━━━ Data section ━━━
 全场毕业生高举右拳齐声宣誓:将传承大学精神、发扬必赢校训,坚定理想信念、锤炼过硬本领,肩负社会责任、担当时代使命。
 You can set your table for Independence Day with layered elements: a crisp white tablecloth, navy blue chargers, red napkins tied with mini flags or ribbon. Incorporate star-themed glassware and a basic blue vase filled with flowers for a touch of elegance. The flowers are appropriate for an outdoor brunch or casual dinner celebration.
━━━
━━━ Data section ━━━
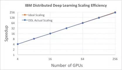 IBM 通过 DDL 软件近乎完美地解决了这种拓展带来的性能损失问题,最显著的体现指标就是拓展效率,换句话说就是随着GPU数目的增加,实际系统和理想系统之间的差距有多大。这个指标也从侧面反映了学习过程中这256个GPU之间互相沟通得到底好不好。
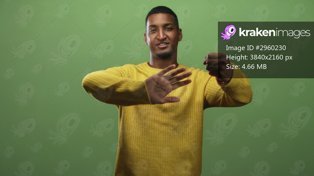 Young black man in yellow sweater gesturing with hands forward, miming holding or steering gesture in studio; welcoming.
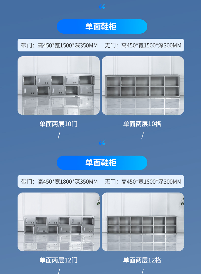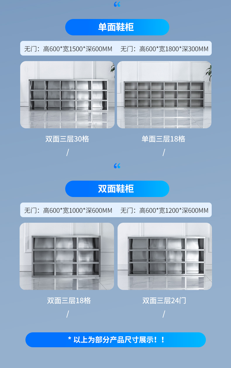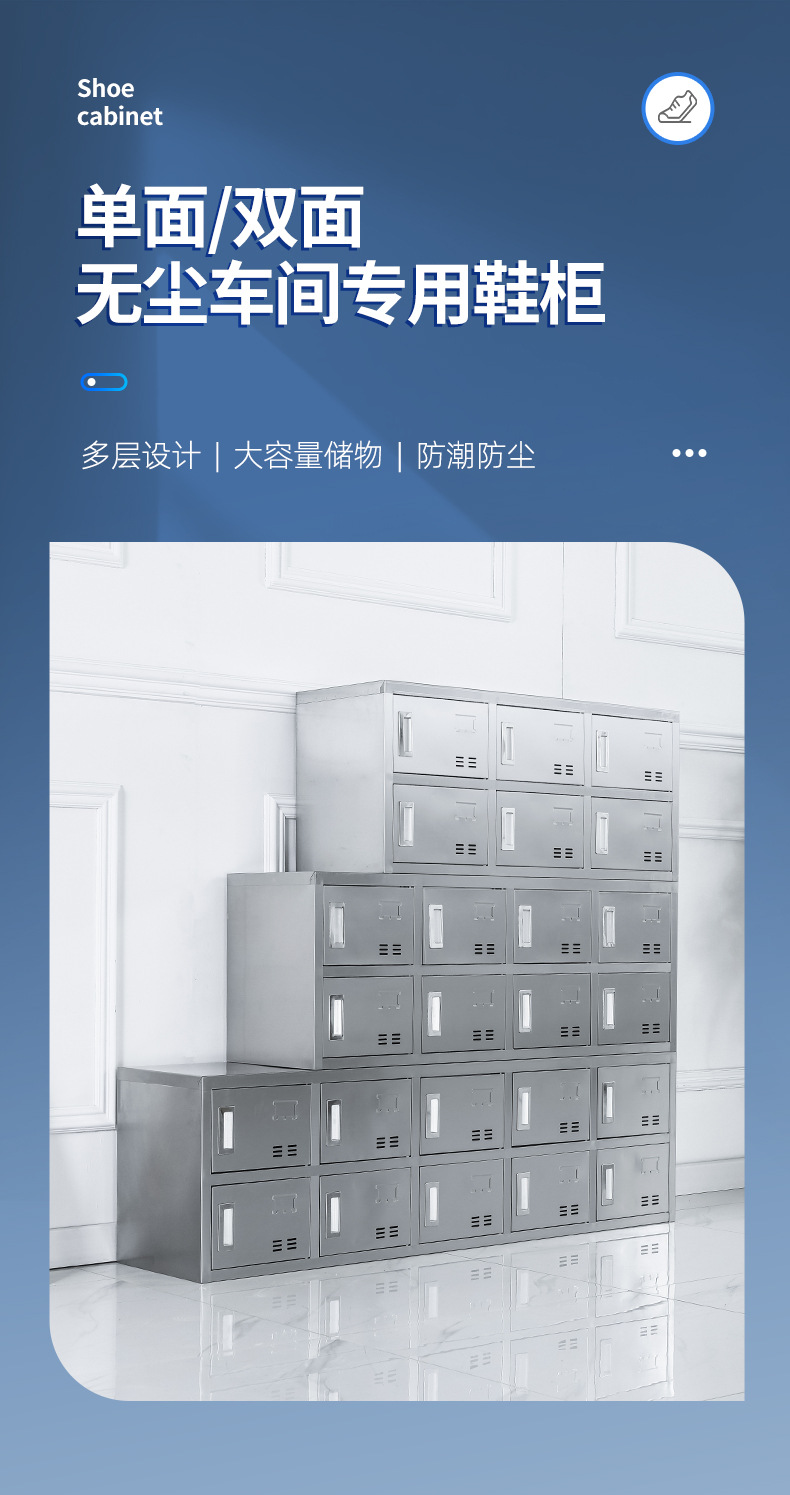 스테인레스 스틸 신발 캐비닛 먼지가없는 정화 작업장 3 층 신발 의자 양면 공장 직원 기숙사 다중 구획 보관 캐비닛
━━━
Above are records; repeat only the lines from the line with "Young black man" through the line with "스테인레스 스틸 신발", and leave pictures out.

 Young black man in yellow sweater gesturing with hands forward, miming holding or steering gesture in studio; welcoming.
 스테인레스 스틸 신발 캐비닛 먼지가없는 정화 작업장 3 층 신발 의자 양면 공장 직원 기숙사 다중 구획 보관 캐비닛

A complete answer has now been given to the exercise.